19. Device for delivery of medication to a patient by p, in which:
the injector is configured to move between a storage position prior to the interaction, and the position of the interaction corresponding to the interactions, and
W is the position of the interaction is in the middle,
and/or behind and/or below a relatively basic-Palatine ganglion.
20. Device for delivery of medication to a patient according to claim 19, in which the position of the interaction is in the middle and below basic-Palatine ganglion.
21. Device for delivery of medication to a patient according to claim 19, in which the position of the interaction is in the middle, below and behind the main-Palatine ganglion.

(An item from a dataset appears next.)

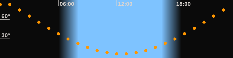 | Höchster Stand (Kulmination) | 00:27 Uhr (h = 85°) |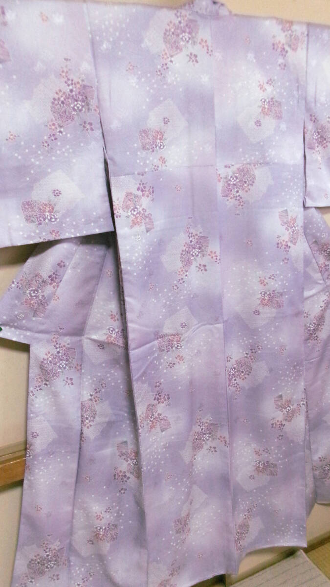 > 102【未使用品】雨の日に※薄紫色華模様※洗える※袷※小紋※着物 丈157 裄65

22. The device according to p in which the drug is sprayed to the side and up towards the main-nebnom the ganglion.
23. The device according to p in which the drug is sprayed sideways, upwards and forward towards the main-nebnom the ganglion.
24. The device according to p, in which the position of the interaction is in the middle, below and behind the main-Palatine ganglion and in which the medication is sprayed sideways, upwards and forward towards the main-nebnom the ganglion.

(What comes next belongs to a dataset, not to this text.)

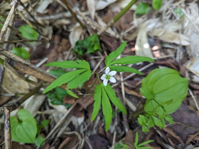 ヒメイチゲ(キンポウゲ科)特徴のある葉(3全裂)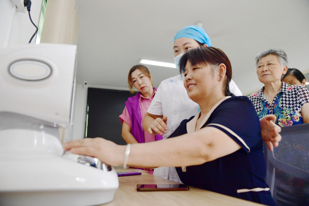 An AI-driven robot provides a free clinic to residents in Weilou neighborhood, Jinggang township, Hefei, east China's Anhui province. (People's Daily Online/Hu Zhaoqun)

25. The device according to claim 19, in which the injector includes a channel that extends from the first end to the second end and is made to receive the medication.
26. The device according A.25, optionally containing a channel connected with the first end of the injector, in which the channel is designed to receive a syringe containing the medication.
27. The device according to p, optionally containing container is in communication with the first end of the injector, while the container is made to the contents of the medication.
<> 28. The device according to item 27, in which the container is made of compressible so that the medication in the container is moved into the channel as a result of compression.29. The device according to p, in which the container is under pressure.
30. The device according to p, in which the input device includes a first section and a second section in which the cross-sectional area of the first area bigger than the area of the cross section of the second section.
31. The device according to item 30, in which the first section has the following form, which is made to correspond to the inner shape of the nostrils.
32. The device according to p, in which the second section contains a rounded convex section and essentially flat reverse side.
33. The device according to p, optionally containing a handle connected to an input device.
34. The device according to p, in which the handle includes a guiding device for receiving channel input devices.
35. The device according to clause 34, in which the arm is made to move toward the face of the patient, so that movement of the handle back led input device in communication with the nostrils of the patient.
36. The device according to p, in which the injector is made to communicate with the left nostril of the patient.
37. The device according to p, in which the input device is configured to communicate with left the nostrils of the patient.
38. The device according to p, in which the injector is made to communicate with the right nostril of the patient.
39. The device according to § 38, in which the input device is configured to interact with the right nostril of the patient.
40. The device according to p, which through interaction input unit with nostrils is provided a horizontal path essentially parallel to the base of a patient's nose in the medial position to the lower nasal shell patient.
41. The device according to p, in which the input device so designed as to be supported by the bottom of the nasal cavity of the patient.
42. How to use the device on p for delivery of medication to a patient, including:
the interaction of the input unit from the nostrils of the patient;
the movement of the injector in the position of the interaction; and
the dispersion of drug in the direction of the main-nebnom the ganglion through the nozzle at the second end of the injector.
43. The way to relieve pain associated with headaches, facial pain in a patient, including:
delivery of drug to the upward and/or sideways, and/or toward the primary nebnom the ganglion, using the device according to p.
44. The method according to item 43, in which the drug is supplied to the side and up towards the main-nebnom the ganglion.
45. The method according to item 43, in which the drug is delivered sideways, upwards and in the before towards major nebnom the ganglion.
46. The method according to item 43, in which the patient suffers from a condition selected from the group consisting of: basic-palatal neuralgia, trigeminal neuralgia, glossopharyngeal neuralgia, migraine, migraine with aura headache migraine without aura headache, headache caused by pressure, paroxysmal headache, chronic paroxysmal headache, the paroxysmal hemicrania, Verkhneportovaya neuralgia, facial pain, atypical facial pain, ganglionic ciliary site, vasomotor rhinitis, depression, fibromyalgia, and combinations thereof.
47. The method according to item 43, in which the result of the application of this method is the increased penetration of the drug through chemoenzymatically barrier.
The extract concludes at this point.